The following data is to be repeated exactly, its pictures excluded.

········

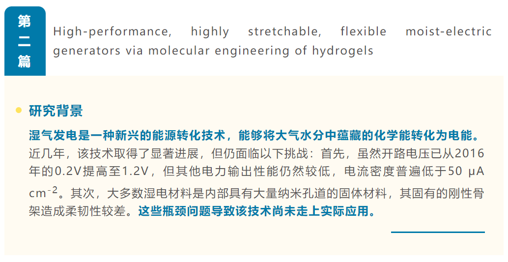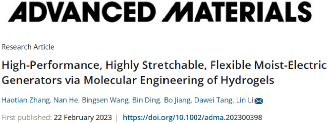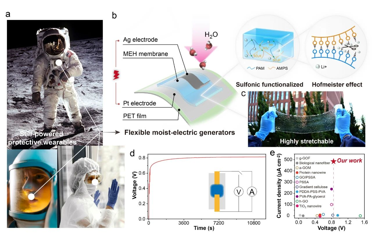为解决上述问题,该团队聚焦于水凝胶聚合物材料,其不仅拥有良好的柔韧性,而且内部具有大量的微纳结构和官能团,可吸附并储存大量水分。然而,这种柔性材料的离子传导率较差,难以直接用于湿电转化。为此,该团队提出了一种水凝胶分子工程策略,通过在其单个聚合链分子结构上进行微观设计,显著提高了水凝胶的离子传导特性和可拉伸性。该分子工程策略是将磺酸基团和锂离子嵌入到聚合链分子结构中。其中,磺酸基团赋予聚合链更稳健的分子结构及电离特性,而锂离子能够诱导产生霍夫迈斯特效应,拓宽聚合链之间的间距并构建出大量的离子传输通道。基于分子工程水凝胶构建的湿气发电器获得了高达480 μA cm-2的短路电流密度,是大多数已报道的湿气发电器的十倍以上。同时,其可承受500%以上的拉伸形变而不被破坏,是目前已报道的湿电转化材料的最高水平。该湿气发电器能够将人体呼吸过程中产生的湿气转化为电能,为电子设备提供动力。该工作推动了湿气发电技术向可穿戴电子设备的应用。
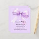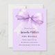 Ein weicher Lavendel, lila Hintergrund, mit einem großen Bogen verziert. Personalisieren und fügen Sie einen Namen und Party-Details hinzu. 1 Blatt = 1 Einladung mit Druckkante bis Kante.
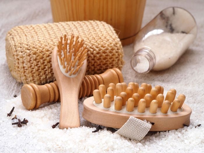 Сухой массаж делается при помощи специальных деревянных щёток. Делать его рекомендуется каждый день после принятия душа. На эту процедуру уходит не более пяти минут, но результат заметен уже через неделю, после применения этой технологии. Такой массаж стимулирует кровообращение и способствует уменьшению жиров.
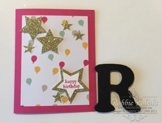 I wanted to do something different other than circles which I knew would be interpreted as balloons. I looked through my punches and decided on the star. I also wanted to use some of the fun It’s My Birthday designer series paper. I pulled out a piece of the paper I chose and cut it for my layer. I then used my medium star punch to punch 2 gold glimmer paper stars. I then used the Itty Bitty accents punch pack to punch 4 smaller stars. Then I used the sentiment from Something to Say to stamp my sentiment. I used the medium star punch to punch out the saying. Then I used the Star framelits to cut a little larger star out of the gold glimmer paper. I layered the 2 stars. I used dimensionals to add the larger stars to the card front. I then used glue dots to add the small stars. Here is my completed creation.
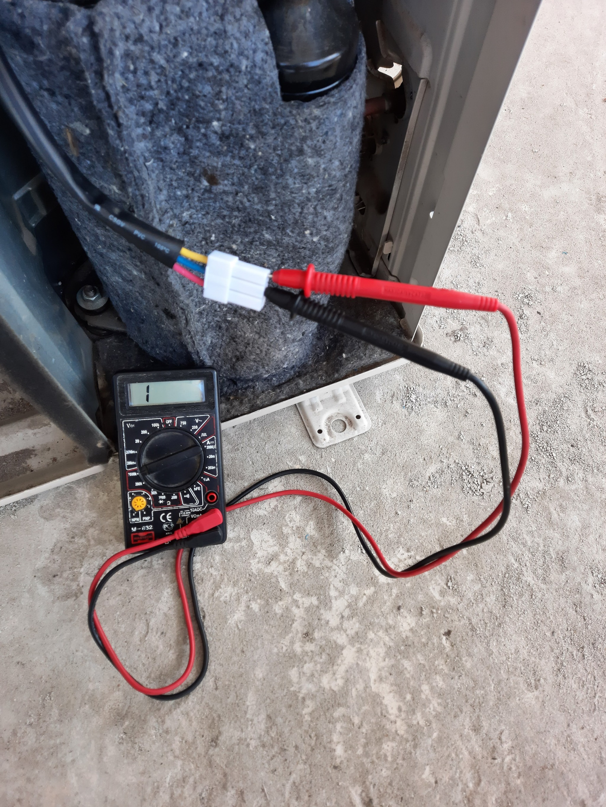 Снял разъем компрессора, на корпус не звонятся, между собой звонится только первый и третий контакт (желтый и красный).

········

## RESPONSE TO THIS EXERCISE
为解决上述问题,该团队聚焦于水凝胶聚合物材料,其不仅拥有良好的柔韧性,而且内部具有大量的微纳结构和官能团,可吸附并储存大量水分。然而,这种柔性材料的离子传导率较差,难以直接用于湿电转化。为此,该团队提出了一种水凝胶分子工程策略,通过在其单个聚合链分子结构上进行微观设计,显著提高了水凝胶的离子传导特性和可拉伸性。该分子工程策略是将磺酸基团和锂离子嵌入到聚合链分子结构中。其中,磺酸基团赋予聚合链更稳健的分子结构及电离特性,而锂离子能够诱导产生霍夫迈斯特效应,拓宽聚合链之间的间距并构建出大量的离子传输通道。基于分子工程水凝胶构建的湿气发电器获得了高达480 μA cm-2的短路电流密度,是大多数已报道的湿气发电器的十倍以上。同时,其可承受500%以上的拉伸形变而不被破坏,是目前已报道的湿电转化材料的最高水平。该湿气发电器能够将人体呼吸过程中产生的湿气转化为电能,为电子设备提供动力。该工作推动了湿气发电技术向可穿戴电子设备的应用。
 Ein weicher Lavendel, lila Hintergrund, mit einem großen Bogen verziert. Personalisieren und fügen Sie einen Namen und Party-Details hinzu. 1 Blatt = 1 Einladung mit Druckkante bis Kante.
 Сухой массаж делается при помощи специальных деревянных щёток. Делать его рекомендуется каждый день после принятия душа. На эту процедуру уходит не более пяти минут, но результат заметен уже через неделю, после применения этой технологии. Такой массаж стимулирует кровообращение и способствует уменьшению жиров.
 I wanted to do something different other than circles which I knew would be interpreted as balloons. I looked through my punches and decided on the star. I also wanted to use some of the fun It’s My Birthday designer series paper. I pulled out a piece of the paper I chose and cut it for my layer. I then used my medium star punch to punch 2 gold glimmer paper stars. I then used the Itty Bitty accents punch pack to punch 4 smaller stars. Then I used the sentiment from Something to Say to stamp my sentiment. I used the medium star punch to punch out the saying. Then I used the Star framelits to cut a little larger star out of the gold glimmer paper. I layered the 2 stars. I used dimensionals to add the larger stars to the card front. I then used glue dots to add the small stars. Here is my completed creation.
 Снял разъем компрессора, на корпус не звонятся, между собой звонится только первый и третий контакт (желтый и красный).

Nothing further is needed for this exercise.